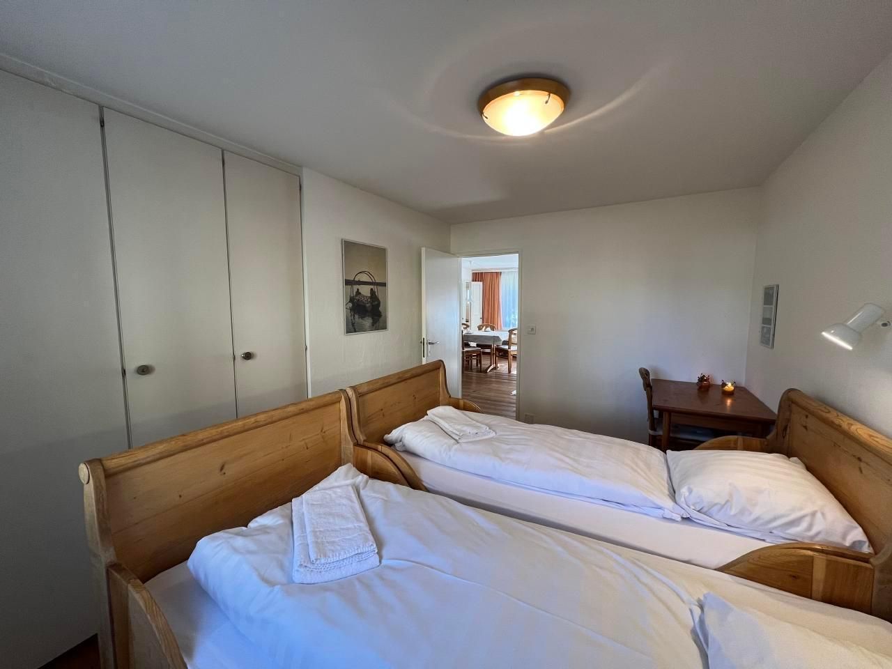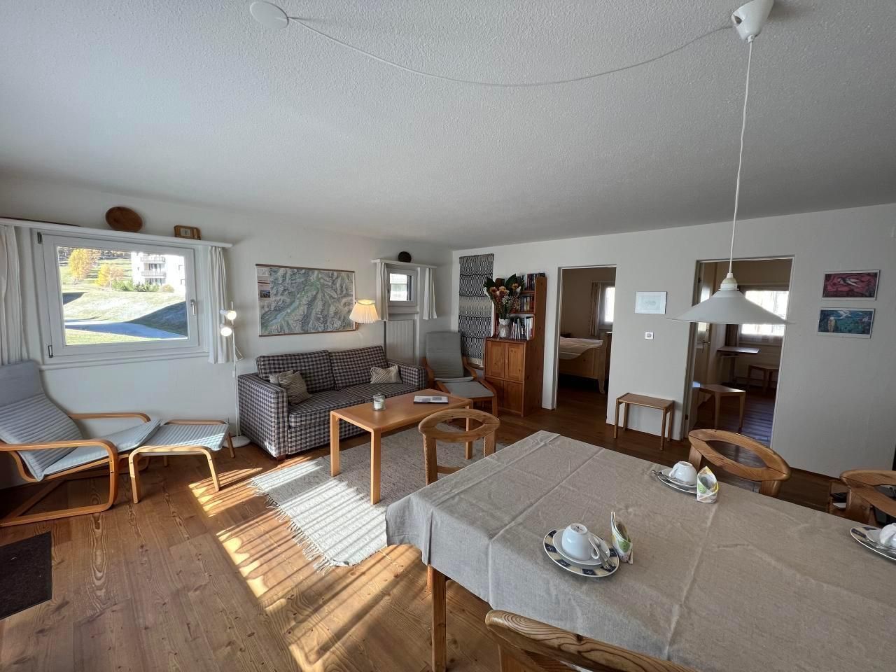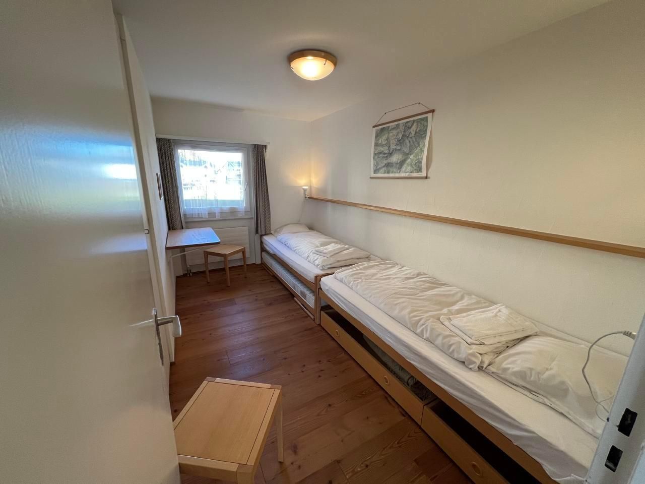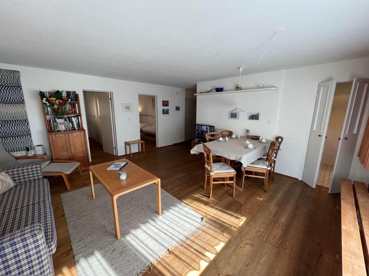 Im Inneren erwartet Sie ein komfortables Wohn- und Esszimmer mit direktem Zugang zum Balkon, ein Schlafzimmer mit Doppelbett sowie ein weiteres Schlafzimmer mit zwei Einzelbetten. Die Küche ist gut ausgestattet mit einer Filterkaffee- und einer Nespresso-Maschine, einem Fondue-Set (Raclette nicht vorhanden), sodass Sie während Ihres Aufenthalts bequem eigene Mahlzeiten zubereiten können. Das Badezimmer verfügt über eine einladende Dusche. Zusätzlich steht Ihnen gratis WLAN-Zugang zur Verfügung und für die Allgemeinheit gibt es eine Waschmaschine, einen Skiraum sowie einen Wachsraum.
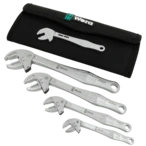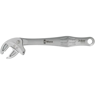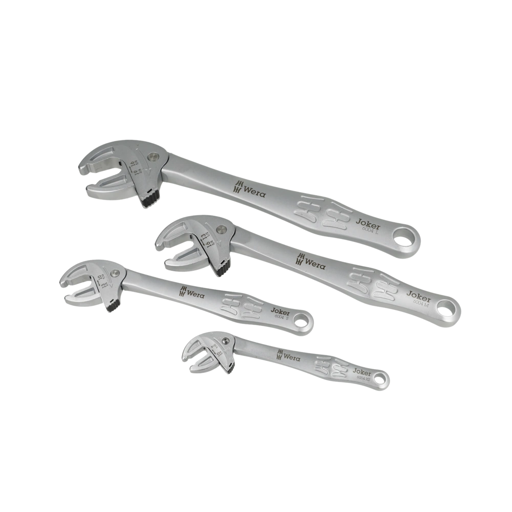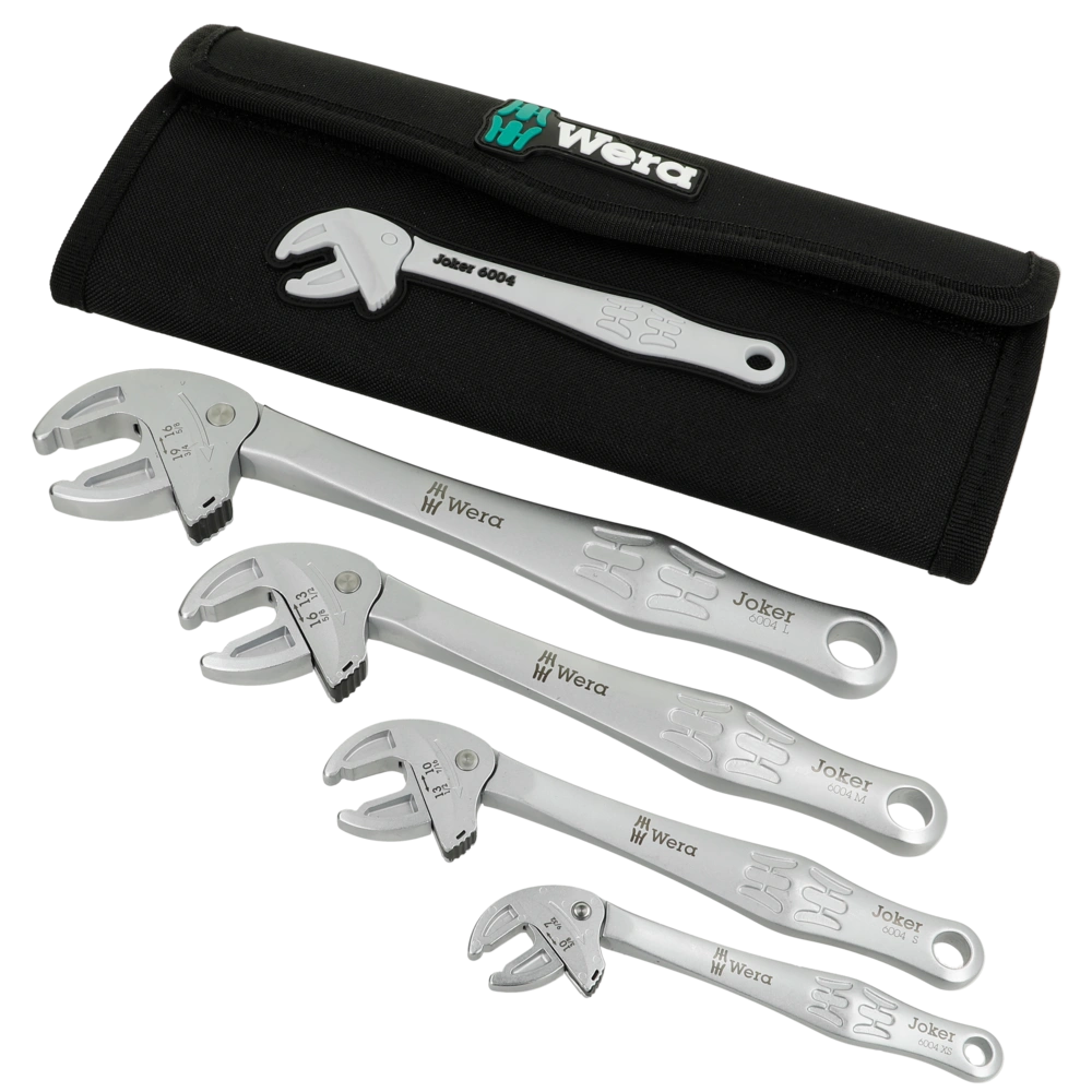 De set van vier verstelbare en zelfinstellende steeksleutels Joker dekt alle metrische en Engelse afmetingen in het toepassingsbereik van 7 tot 19 mm of 1/4" tot 3/4". De gewenste maat past zichzelf continu en automatisch aan wanneer deze op de zeskantmoer of -schroef wordt aangebracht. Het geïntegreerde hefboommechanisme klemt de zeskantschroef of moer stevig tussen de bekken. Dit voorkomt dat de zeshoek wegglijdt en beschadigd raakt. De ratelfunctie in de bek zorgt voor snel en continu schroeven zonder verwijderen. Dankzij de hoekbreedte-prisma's is een achterwaartse draaihoek van slechts 30° mogelijk, wat ook het werk in krappe ruimtes ondersteunt. De set wordt geleverd in een praktische opvouwbare tas.
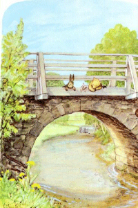 Now one day Pooh and Piglet and Rabbit and Roo were all playing Poohsticks together. They dropped their sticks in when Rabbit said "Go!" and then they had hurried across to the other side of the bridge, and now they were all leaning over the edge, waiting to see whose stick would come out first. But it was a long time coming, because the river was very lazy that day, and hardly seemed to mind if it didn't ever get there at all. "I can see mine!" cried Roo. "No, I can't, it's something else. Can you see yours, Piglet? I thought I could see mine, but I couldn't. There it is! No, it isn't. Can you see yours, Pooh?" "No," siad Pooh. "I expect my stick's stuck," said Roo. "Rabbit, my stick's stuck. Is your stick stuck, Piglet?" "They always take longer than you think," said Rabbit. "How long do you think they'll take?" asked Roo. "I can see yours, Piglet," said Pooh suddenly. "Mine's sort of greyish one," said Piglet, not daring to lean too far over in case he fell in. "Yes, that's what I can see. It's coming over on to my side." Rabbit leant over further than ever, looking for his, and Roo wriggled up and down, calling out "Come on, stick! Stick, stick, stick!" and Piglet got very excited because his was the only one which had been seen, and that meant that he was winning. "It's coming!" said Pooh. "Are you sure it's mine?" squeaked Piglet excitedly. "Yes, because it's grey. A big grey one. Here it comes! A very---big---grey---Oh, no, it isn't, it's Eeyore." And out floated Eeyore. "Eeyore!" cried everybody. Looking very calm, very dignified, with his legs in the air, came Eeyore from beneath the bridge. |
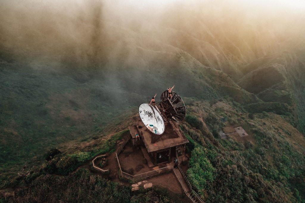 We are at the horizontal walkway that precedes the radio station, here the iron boards are well positioned and well preserved by the nature of the mountain that has made them his own, as a part of himself that it can no longer do without. Here, we feel the strong call of God, free from everything. We see neither Kaneohe nor the horizon. We perceive with our senses every truth that surrounds us. The gods of Hawaii are everywhere.
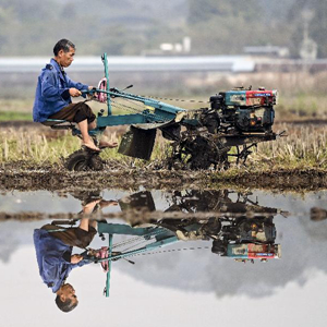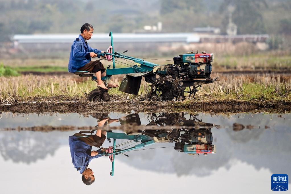 2月17日,廣西欽州市欽北區大寺鎮四聯(lián)村委那老村村民在翻耕稻田。
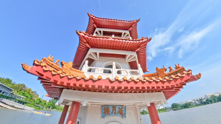 Pagoda in the temple with cloudy sky background, Taipei, Taiwan

*What you need to do*
A word-for-word repeat is expected of the lines from the one with "2月17日,廣西欽州市欽北區大寺鎮四聯(lián)村委那老村村民在翻耕稻田。" to the end of the data, both included; pictures are not part of it.

*Task response*
 2月17日,廣西欽州市欽北區大寺鎮四聯(lián)村委那老村村民在翻耕稻田。
 Pagoda in the temple with cloudy sky background, Taipei, Taiwan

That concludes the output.